### What this task involves
Directions for the data below: repeat exactly the lines from the one with "We have P (E1)" through the one with "Уравнение плоскости с", both included, and omit all pictures.
[Data for this exercise Boundary: Start]
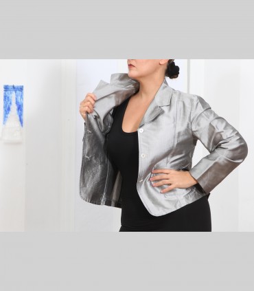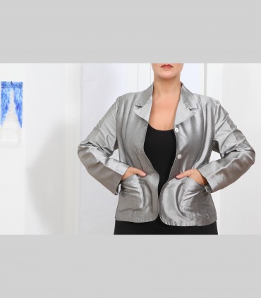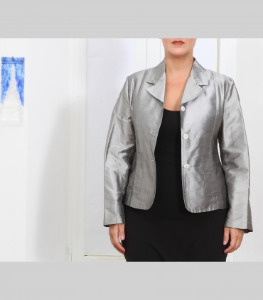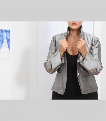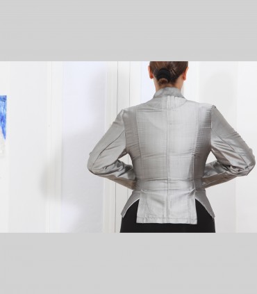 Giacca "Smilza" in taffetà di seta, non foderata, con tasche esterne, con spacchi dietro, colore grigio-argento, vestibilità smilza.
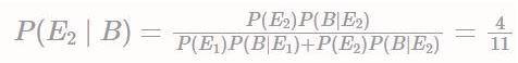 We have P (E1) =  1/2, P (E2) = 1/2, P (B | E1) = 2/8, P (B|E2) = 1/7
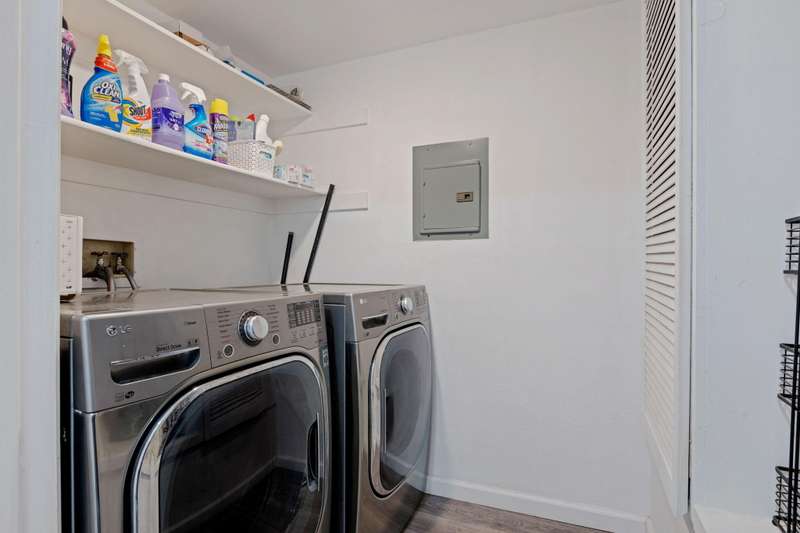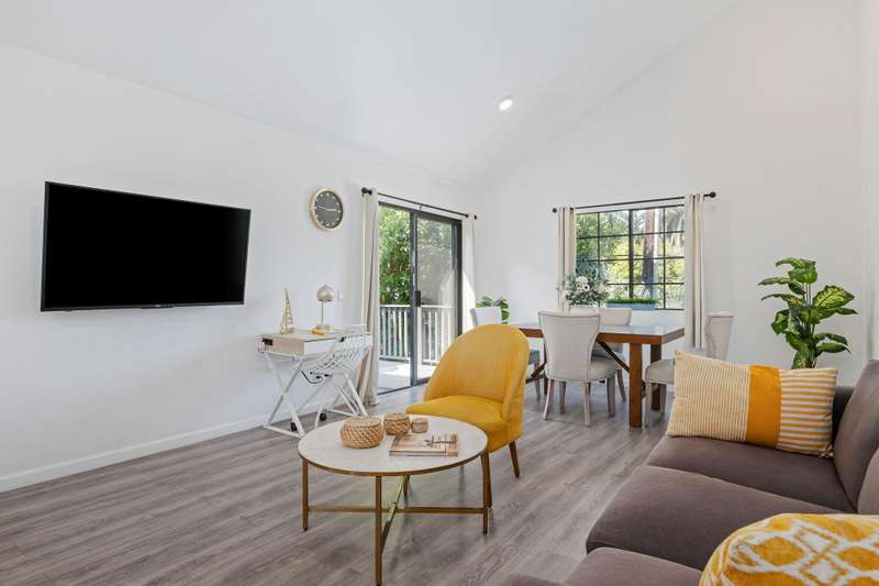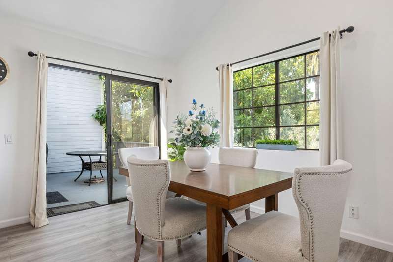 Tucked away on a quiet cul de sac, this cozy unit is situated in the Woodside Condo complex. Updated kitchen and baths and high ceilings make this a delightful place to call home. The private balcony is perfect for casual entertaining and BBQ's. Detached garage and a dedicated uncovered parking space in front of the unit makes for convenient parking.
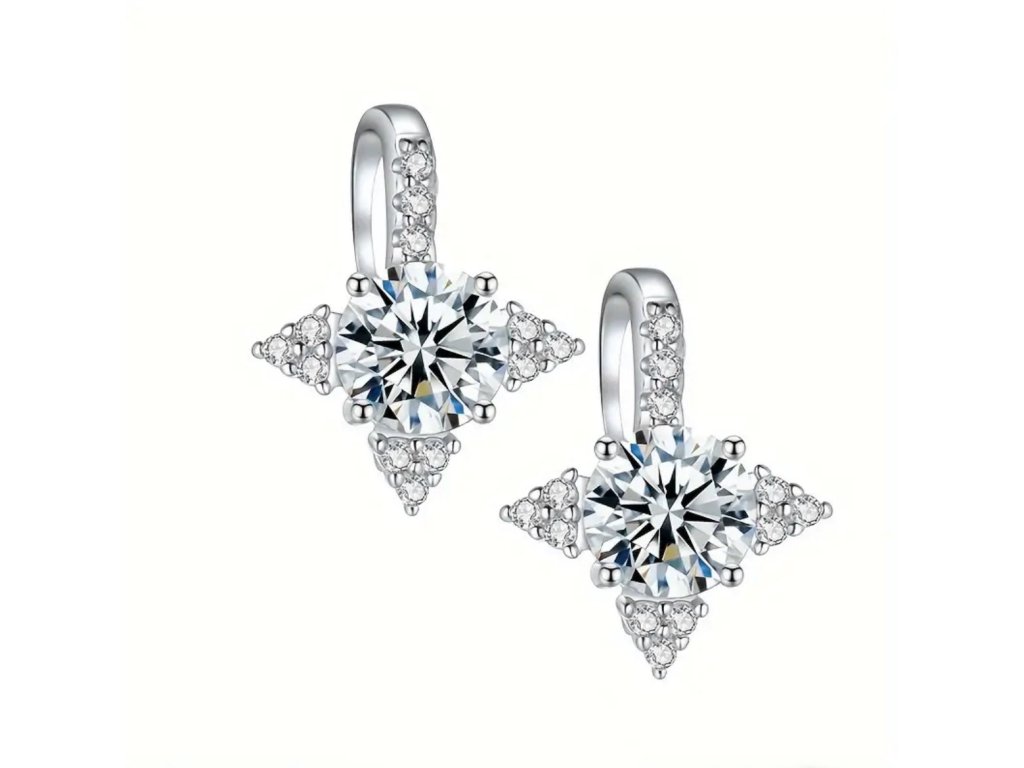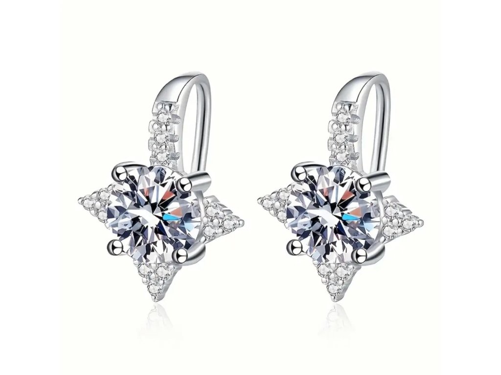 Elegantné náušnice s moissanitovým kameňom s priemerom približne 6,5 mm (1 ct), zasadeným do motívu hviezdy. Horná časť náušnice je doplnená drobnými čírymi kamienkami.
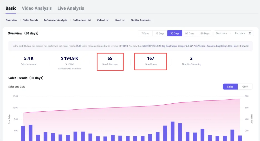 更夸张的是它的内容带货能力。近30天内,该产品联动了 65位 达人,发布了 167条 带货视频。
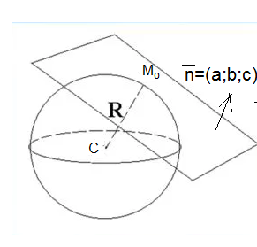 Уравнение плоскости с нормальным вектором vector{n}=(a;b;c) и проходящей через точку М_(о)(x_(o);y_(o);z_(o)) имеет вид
[Data for this exercise Boundary: End]
[Data for this exercise Boundary: Start]
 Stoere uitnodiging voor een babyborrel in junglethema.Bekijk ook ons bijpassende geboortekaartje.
[Data for this exercise Boundary: End]
### Finished exercise
 We have P (E1) =  1/2, P (E2) = 1/2, P (B | E1) = 2/8, P (B|E2) = 1/7
 Tucked away on a quiet cul de sac, this cozy unit is situated in the Woodside Condo complex. Updated kitchen and baths and high ceilings make this a delightful place to call home. The private balcony is perfect for casual entertaining and BBQ's. Detached garage and a dedicated uncovered parking space in front of the unit makes for convenient parking.
 Elegantné náušnice s moissanitovým kameňom s priemerom približne 6,5 mm (1 ct), zasadeným do motívu hviezdy. Horná časť náušnice je doplnená drobnými čírymi kamienkami.
 更夸张的是它的内容带货能力。近30天内,该产品联动了 65位 达人,发布了 167条 带货视频。
 Уравнение плоскости с нормальным вектором vector{n}=(a;b;c) и проходящей через точку М_(о)(x_(o);y_(o);z_(o)) имеет вид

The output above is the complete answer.